April 18, 2013 at 12:46 am
I have a Table called Employees with following Columns
EmployeeID INT
EmployeeName VARCHAR(256)
Salary MONEY
DeptID SMALLINT
The table has following Indexes created on it
1. Clustered Index on EmployeeID
2. Non Clustered Index on EmployeeName
3. Non Clustered Index on DeptID
The Employees tables has over 10 million rows.
You want to get the count of Employees, for which you write the following query
SELECT COUNT(*) FROM Employees
What will be the likely query plan for above query? Which index will SQL SERVER use in above query? Please give an explanation for your answer.
April 18, 2013 at 1:54 am
Looks and sounds like an interview question or homework to me. Which one do you think?
April 18, 2013 at 2:05 am
Why don't you run the query and see which index and execution plan it will use?
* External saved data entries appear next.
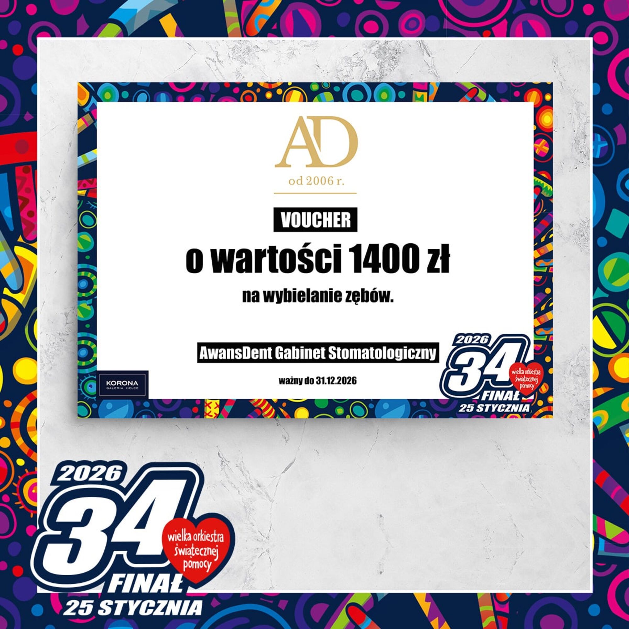 Voucher na wybielanie zębów o wartości 1.400 złotych od AwansDentCena wywoławcza: 0.00 złIndeks: 101/26Numer na licytacji: 0Licytacja: 2026-01-25 10:00 - Galerie: ECHO i KORONA |
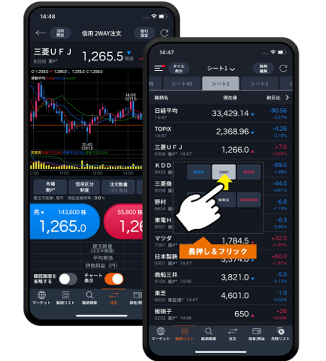 3つの発注方法(2WAY注文・板発注・発注パネル)の中から投資スタイルに応じて選べる!発注したい銘柄を長押し&フリック操作でシームレスに注文画面へ。
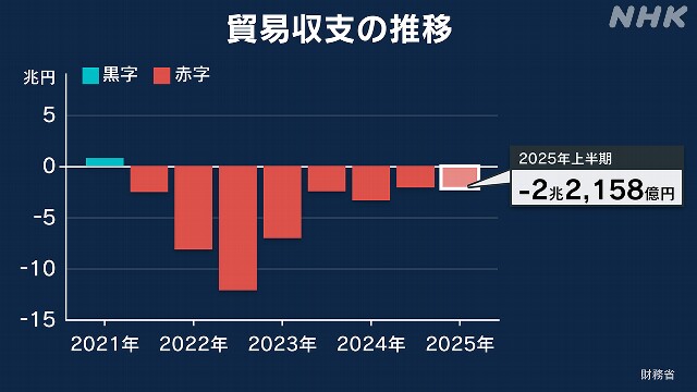 此外,日本今年1月至6月的貿易統計數據還顯示,日本今年上半年的貿易差額(即出口減去進口)為逆差2.2158萬億日元(約合1071億人民幣),但數額相比去年同期收窄了34.2%。
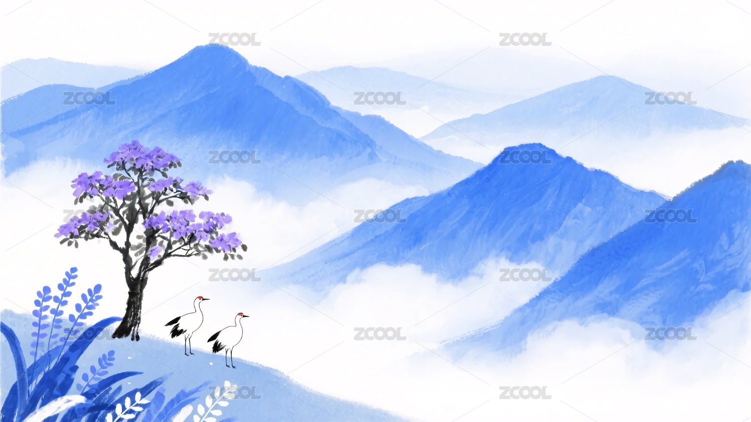 蓝紫色山水间的树与鹤
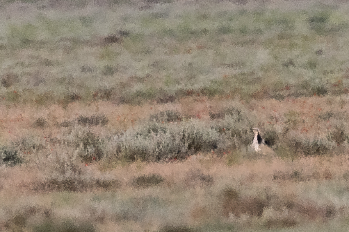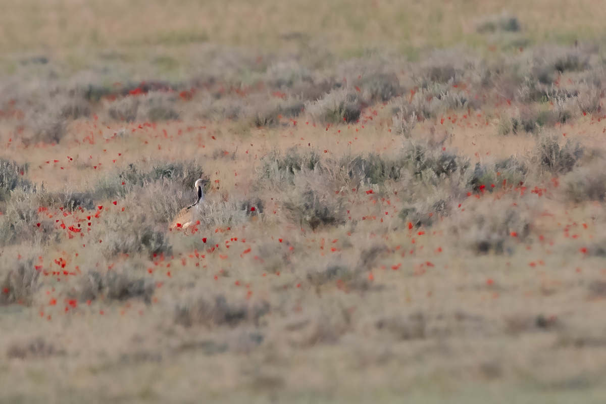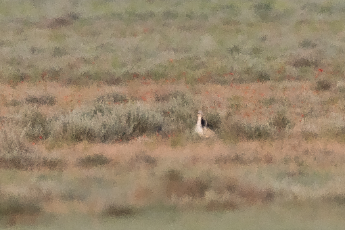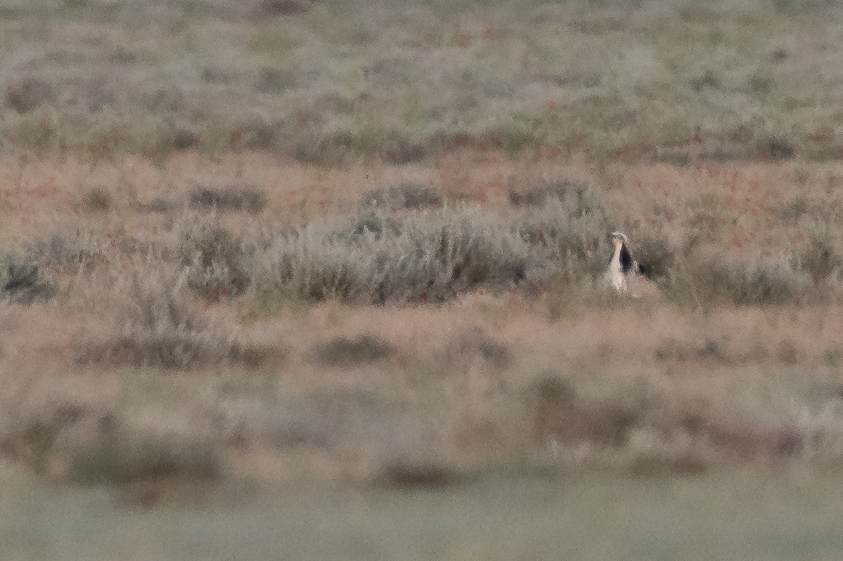 This is undoubtedly the worst gallery of any species among nearly 2,000 bird galleries on my website. You have to trust the author a bit to believe that it is indeed this bird in the photos, rather than another – a bit of irony about my photographic failure to capture the Arabian bustard. These are not really photos, but more like painted pictures. Usually, I don’t create galleries for species photographed in less than documentary quality during my trips, but I made an exception for the Macqueen's Bustard. Why? Because this species was one of the reasons I went to Kazakhstan. I really wanted to see the Macqueen's Bustard and, of course, take pictures. This species is part of Poland’s fauna and belongs to the bustard family, which I have favored for years. At sunrise, I saw the Macqueen's Bustard courtship dance through the spotting scope. Amazing, beautiful! It’s unforgettable. Then I tried to get closer to the birds, but unfortunately without success. The birds were shy and considered a few hundred meters a safe distance. To illustrate how far the birds were, I included one photo (currently the last in the gallery) without cropping, taken with a 600 mm lens, a 2x converter, and a full-frame camera, giving a focal length of 1200 mm! The birds moved among small shrubs like in a labyrinth, appearing and disappearing constantly. It’s unlikely I will have another chance to see these birds, so I created the gallery. In the past, it was similar with the galleries of the Eurasian Thick-knee, Greater Spotted Eagle, Pallas's gull, and others. Who knows? Maybe the content of this gallery will unexpectedly improve, but after what I saw in Kazakhstan – how shy and elusive these birds are and considering their range – it probably won’t happen soon.

If you would like help understanding why SQL picked the specific plan that it did, feel free to ask.
Gail Shaw
Microsoft Certified Master: SQL Server, MVP, M.Sc (Comp Sci)
SQL In The Wild: Discussions on DB performance with occasional diversions into recoverability
April 18, 2013 at 4:03 am
Thanks For The Reply Monster ,
i am new to Sql server.Running The Query
on millions of records is completly different from running the query on small datasets as i think.Hence i want to run the query on millions of records and
know which indexes are getting used.
April 18, 2013 at 4:21 am
Recently I've been doing lots of work on large data sets, wide tables (20+ columns) with mixture of Unicode and non-Unicode data types and IO becomes a real issue when dealing with large tables. With this experience plus the great advice I've read about on this site I've come to realise the importance of IO and how it plays a big part in how SQL server ultimately does what you ask of it.
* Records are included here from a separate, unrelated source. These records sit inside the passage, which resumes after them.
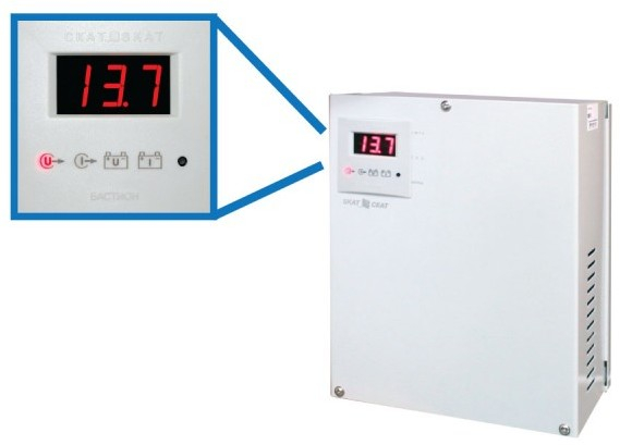 Модуль визуализации для СКАТ. Цифровая индикация напряжения на нагрузке, тока нагрузки, напряжения АКБ, тока заряда АКБ индикация отключения электрической сети. Для использования в источниках питания серии СКАТ 12В в металлических корпусах с окном.
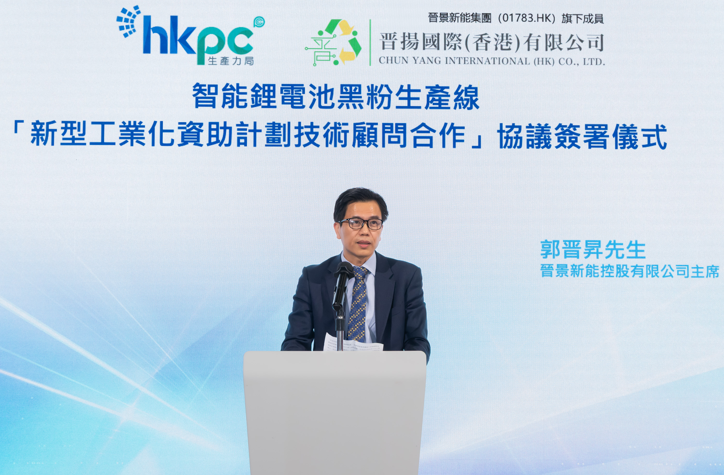 晉景新能集團主席郭晋昇先生表示,「科技革命與產業變革正在加速進行。擁抱新型工業化,是香港企業向前發展的必然選擇, 本次簽約儀式,既體現了企業與專業機構在綠色科技領域協同創新的合作模式,亦展現出香港在新型工業化道路上踏實前行的決心。立足於政府搭建的堅實平台,依託於合作夥伴的專業力量,我們有信心、也有決心,將這座設施,打造成為彰顯香港新型工業化發展成果、引領綠色科技發展的典範工程。」
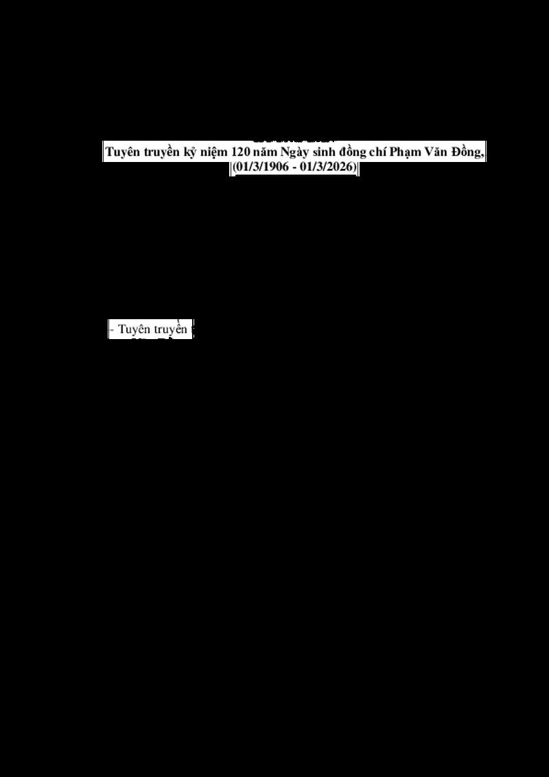 | Tiêu đề văn bản | Tuyên truyền kỷ niệm 120 năm Ngày sinh đồng chí Phạm Văn Đồng, (01/3/1906 - 01/3/2026). | ||
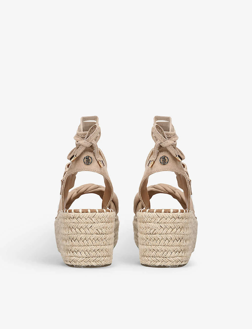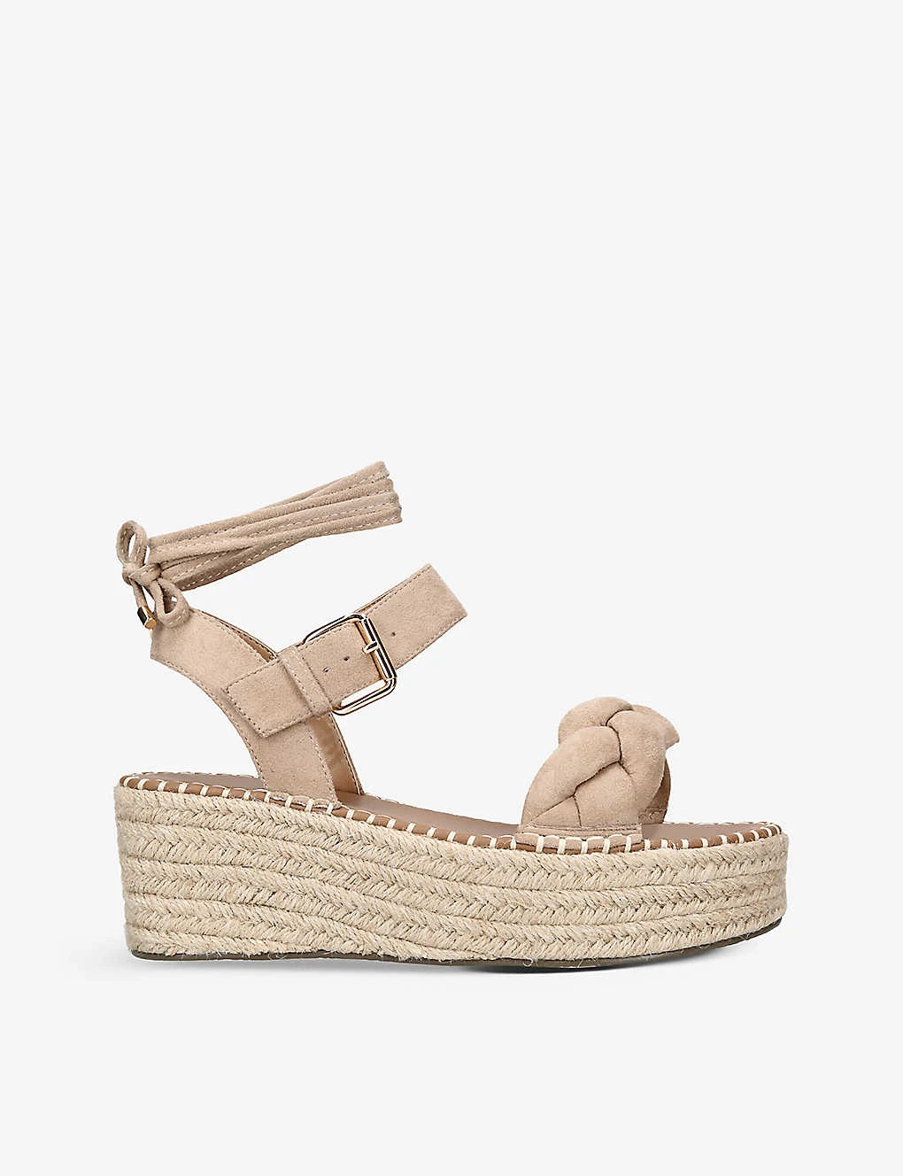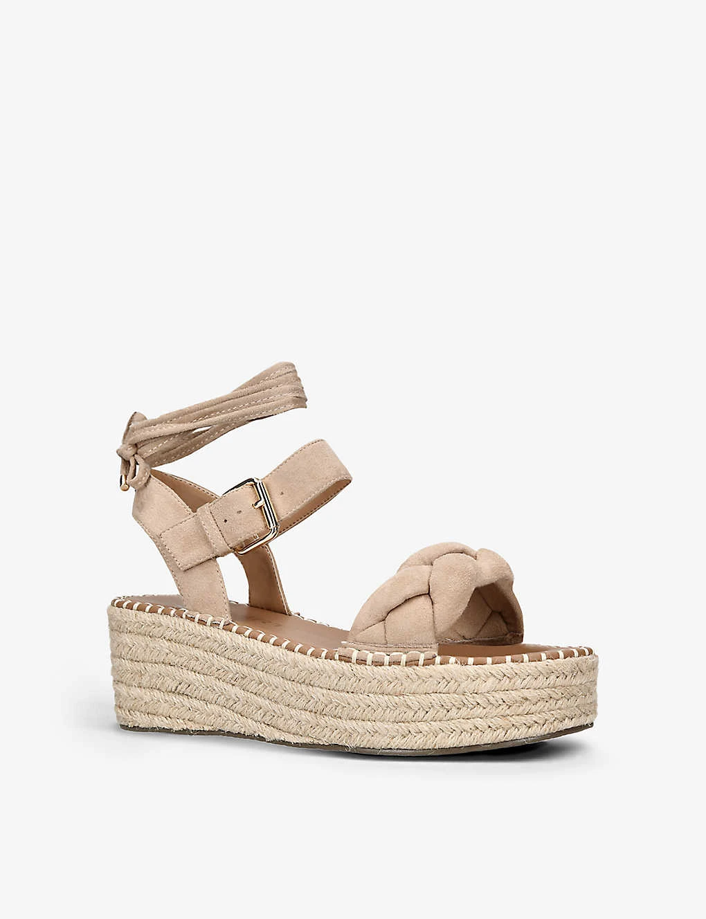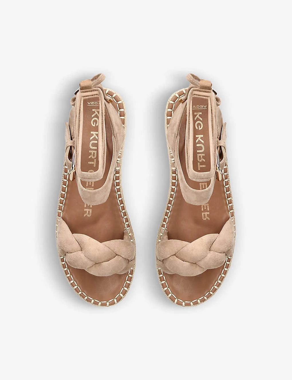 - Round open toe, braided strap at front, initial logo plaque at back, optional wrap around fastening, adjustable buckle fastening, gold-tone hardware, all-over micro suede texture
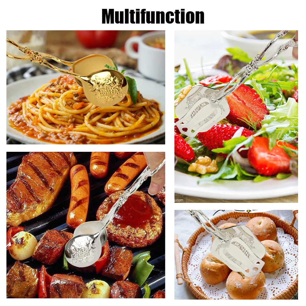 Introducing the Vintage Style Gold-plated Salad Pastry Clamp, a perfect addition to your buffet tools. This elegant food tong is designed for serving salads, pastries, and snacks with style.

To answer your question, SQL would likely choose the index with the smallest storage requirement so that would be the DeptID as its TINYINT so requires fewer pages to store so less IO. In other words, it's probably the most efficient way to use the index with the smalles storage requirement to retrun the table count.
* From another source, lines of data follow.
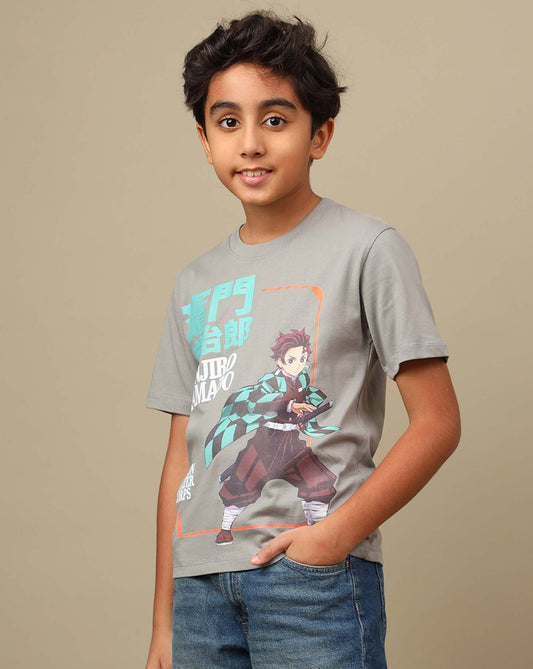 -15% OFF New ArrivalDemon Slayer: Tanjiro Anime Printed Grey Regular Fit Pure Cotton Tshirt For Boys
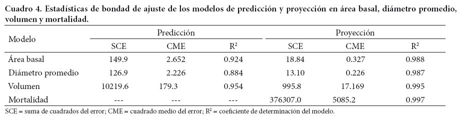 La información dasométrica de sitios permanentes de muestreo permitió aplicar el método de desarrollo de curvas de diferencia algebraica. Al ajustar de manera simultánea las ecuaciones de predicción y proyección, se logró la compatibilidad del SCRM. Al respecto, Zepeda y Domínguez (1998) y Zepeda y Acosta (2000) señalaron que el crecimiento y el rendimiento maderable deben ser modelados matemáticamente con la mayor precisión posible, por lo que debe existir compatibilidad analítica manifiesta entre las funciones de un SCRM, como ocurre en este caso.
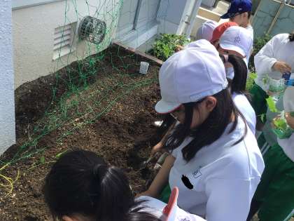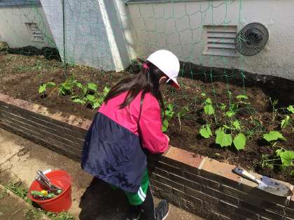 4年2組の授業の様子です。教室で大事に育てたツルレイシを外の花壇に植えました。これから外で育て、緑のカーテンにしていきます。
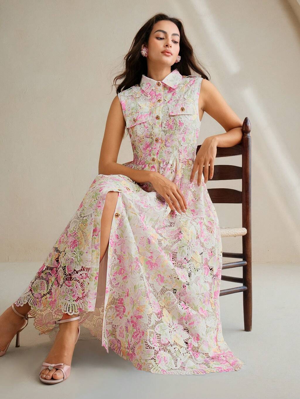 Elegante vestido sin mangas con estampado floral de encaje hidrosoluble, solapa clásica, cierre simple y cinturón en la cintura, para mujer, primavera/verano

---------------------------------------------------------
It takes a minimal capacity for rational thought to see that the corporate 'free press' is a structurally irrational and biased, and extremely violent, system of elite propaganda.
David Edwards - Media lens[/url]
Society has varying and conflicting interests; what is called objectivity is the disguise of one of these interests - that of neutrality. But neutrality is a fiction in an unneutral world. There are victims, there are executioners, and there are bystanders... and the 'objectivity' of the bystander calls for inaction while other heads fall.
Howard Zinn
April 18, 2013 at 4:27 am
Thank You Dina,
Good Explanation
April 18, 2013 at 4:50 am
Ananth@Sql (4/18/2013)
Running The Queryon millions of records is completly different from running the query on small datasets as i think.Hence i want to run the query on millions of records and know which indexes are getting used.
So create a table, populate it with a few million rows, run the query and see how it behaves.
Gail Shaw
Microsoft Certified Master: SQL Server, MVP, M.Sc (Comp Sci)
SQL In The Wild: Discussions on DB performance with occasional diversions into recoverability
April 18, 2013 at 5:05 am
To illustrate this I did this simple test where I did a count(*) on a table (34 million records) with just a clustsred index (picture 1), I then created a non clustsred index on a BIGINT column and did another count (Picture 2)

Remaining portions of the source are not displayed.